The thesis argues, in lie main, for both a negative and positive agenda to Wittgenstein's rule-following remarks in both his Philosophical Investigations and Remarks on the foundations of Mathematics. The negative agenda is a sceptical agenda, different than as conceived by Kripke, that is destructive of a realist account of rules and contends that the correct application of a rule is not fully determined in an understanding of the rule. In addition to these consequences, this negative agenda opens Wittgenstein to Dummett's charge of radical conventionalism. These negative consequences are left unresolved by Kripke's sceptical solution and, notably, are wrongly assessed by those that dissent from a sceptical reading.
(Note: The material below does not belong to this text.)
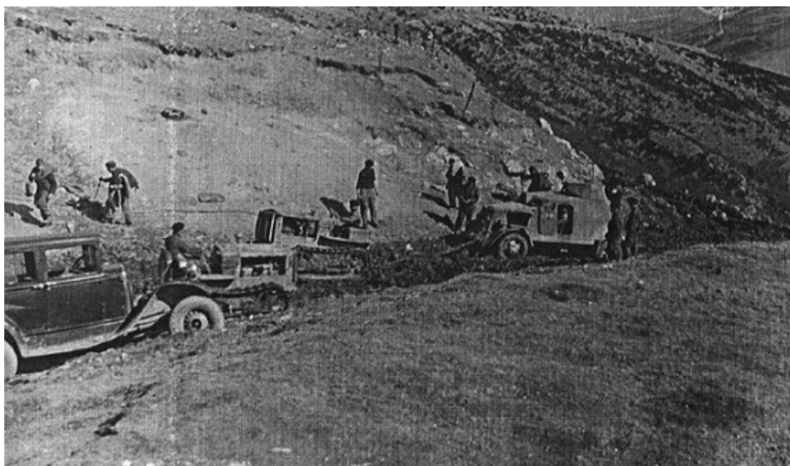
Cotxes i material militar abandonat a coll d'Ares.

Cal dir, però, que la feina no fou endebades, ja que segons la mateixa font, «A coll d'Ares 12 autometralladores han aconseguit posar-se en marxa cap al nostre territori pel traçat que havia estat construït pels espanyols i interromput per ordre de les autoritats franceses. Aquests vehicles han estat immediatament recuperats per l'exèrcit francès».

The positive agenda builds on these negative considerations arguing that although there is no determination in the understanding of a rule of what will count as a correct application in so far unconsidered situations, we are still able to follow a rule correctly. This seems to involve an epistemic leap, from an underdetermined understanding to a determinate application, and, in respect of this appearance, involves what Wittgenstein calls following a rule "blindly" in an epistemic sense. Developing this view, of following a rule blindly, involves developing an account of an alternative rational response to rule instruction, one that need not involve a role for interpreting or inferring, but all the same allows for correctness in rule application in virtue of enabling agreement in rule application.